What an excellent point! Everybody knows that 3rd party progressive candidates never get ballot access or any sort of measurable media exposure in plurality elections. On the subject of ballot access, it should be noted that RCV usually has no effect on the ballet access requirements coded into the law in most jurisdictions that use the system. In Maine for instance independent candidates for a US Senate seat have to gather 4000 petition signatures to get on the ballot. The implementation of RCV did not change this requirement for ballot access. The arguments for greater access usually center around ‘human behavior’. For instance, the RCV system ‘encourages’ more 3rd party candidates to get into the race and may even encourage more people to vote for them. In states where 3rd parties have to maintain qualified status based on the number of votes, this might be enough to convince Democrats and Republicans to reject RCV, but ultimately this is all that RCV can offer. RCV can make it easier for 3rd parties to satisfy the conditions for being a qualified party, but it still accomplishes very little in their desire for legitimacy. In an RCV election, it’s very apparent what role 3rd parties will play.
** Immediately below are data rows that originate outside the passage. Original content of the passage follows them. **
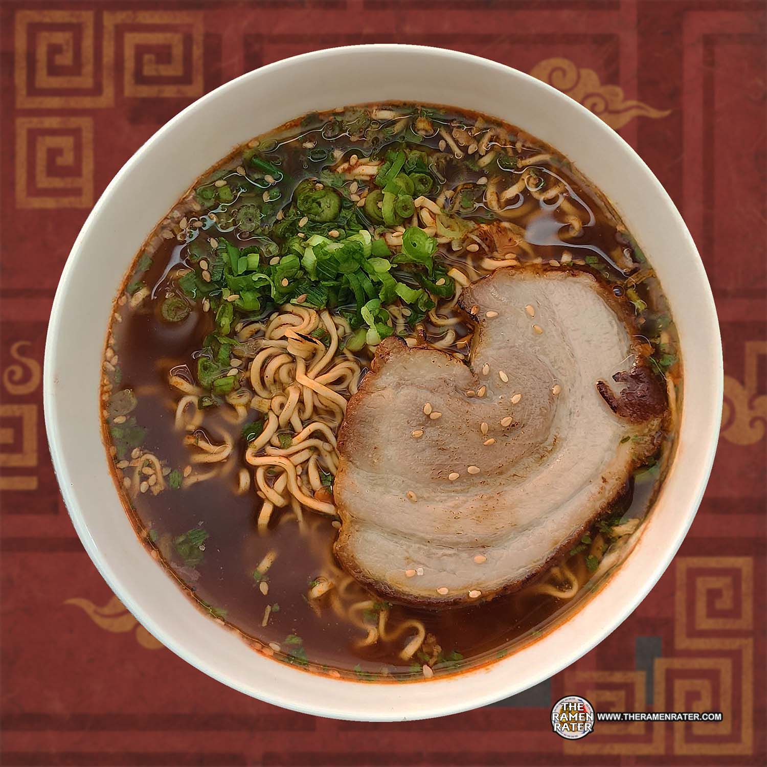 Finished (click to enlarge). Added chashu, scallion, and sesame seed. I really like these noodles – steeped or microwaved. As far as the broth’s flavor, I didn’t really get a strong flavor other than spicy from this one that was kind of surprising. I guess chock it up to that I’ve tried so many A-Sha products I’ve really liked – has to be one eventually I dislike. 1.0 out of 5.0 stars. UPC bar code 193937001483.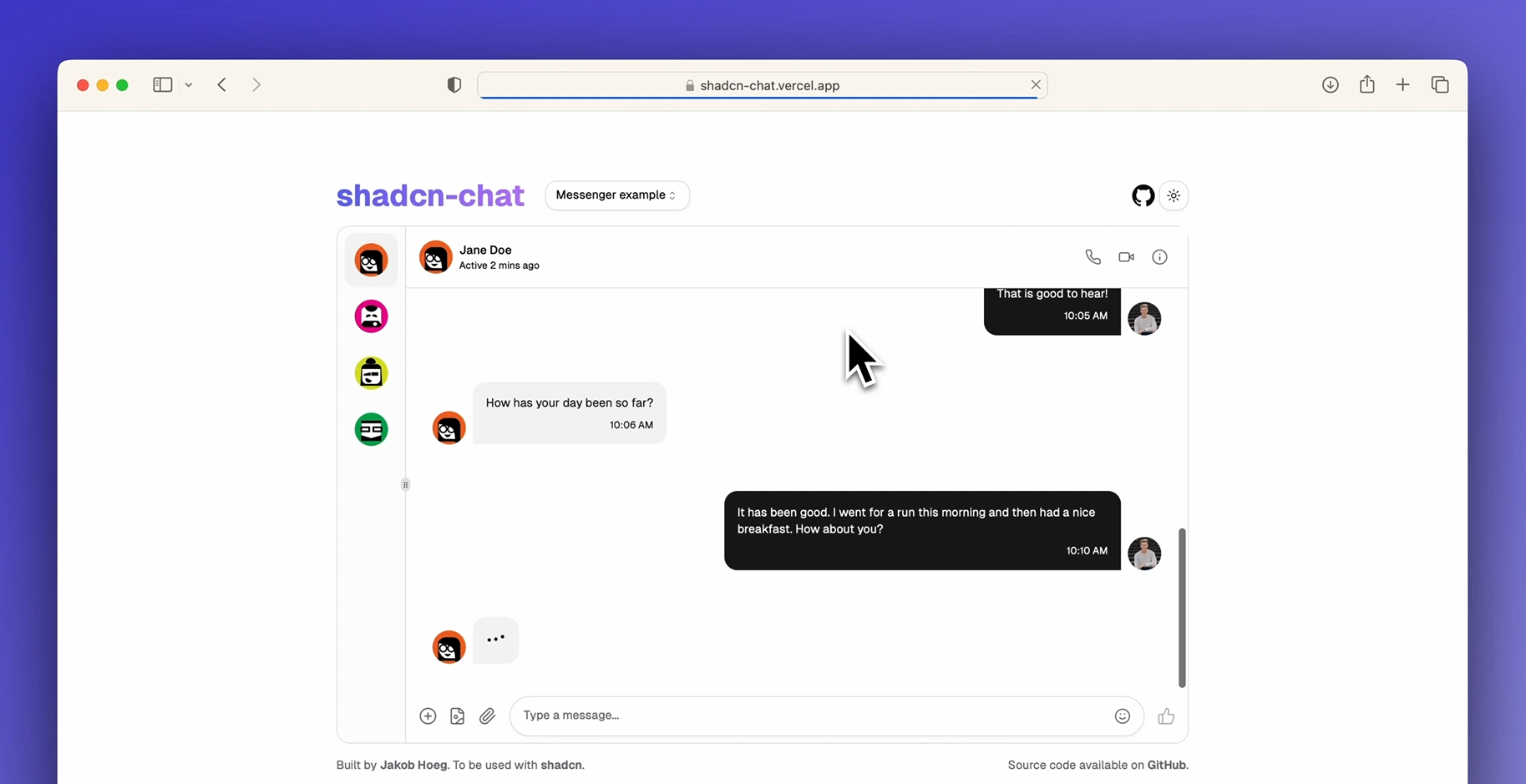 Paket zum Hinzufügen von anpassbaren und wiederverwendbaren Chat-Komponenten zu Ihren Anwendungen. Bauen Sie in wenigen Minuten schöne Chat -Schnittstellen.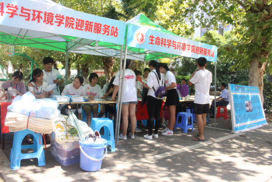 为做好生命科学与环境学院2018年迎新工作,我院早在7月12日开展了迎新志愿者培训会。我校今年采用了“数字化”迎新:线上网络迎新与线下现场服务配合展开。工作人员暑假期间已开展新生信息录入、生活用品采购等迎新工作事宜。由此,新生报到流程在家即可完成一半,缴纳学费可在湖南移动非税平台上完成,被褥等生活用品采购与新生信息录入等流程可在“今日校园”APP完成。此外,我院于9月18日晚召开了迎新动员大会,明确并细化了迎新工作安排。

According to Jimmy: Despite what Gavin Newsom tells you, it ain’t complicated. It ain’t complicated, they’ll..., they break it down, they show… This is not complicated, rank choice voting.

Well of course RCV isn’t complicated when you’re not willing to talk about it with any real depth. Dore has done several videos on RCV and I don’t believe that he has ever once mentioned relatively simple concepts like bullet voting or exhausted ballots. And god forbid should Dore ever approach notions like non-monotonicity, which was seen in the 2009 mayoral election in Burlington, VT. In fact if you want to believe in the simplicity of RCV you should probably never google anything on the 2009 Burlington election, nor the 2010 District 10 Board of Supervisors race in San Francisco, that’d be a good one to avoid too.

According to Stef (Jimmy’s co-host): One of our supporters Dana said that in San Francisco when Gavin Newsom was running for mayor, they had RCV and almost lost to I think a Green Party member at 47% and Gavin came in at 52%.

So this is how the Jimmy Dore Show works. If someone messages them with an idea that sounds halfway reasonable and plays into their desired narrative, they’ll just run with it without bothering to do any fact checking. The election referenced above was the 2003 mayoral election in San Francisco which actually did not use RCV. It employed a traditional run-off. It was the run-off election that took place a month after the general election where the 52-47 split occurred. The subsequent mayoral election in 2007 did use RCV and Newsom won this race with 73% of vote with no votes being transferred. I highly doubt that Newsom’s experiences as a mayoral candidate influenced his views on RCV. Still this comment is almost the perfect way to end a video on RCV that offered shallow, unproven conjectures that were supported by nothing more than random, cherry-picked tweets and FairVote’s heavily biased rhetoric.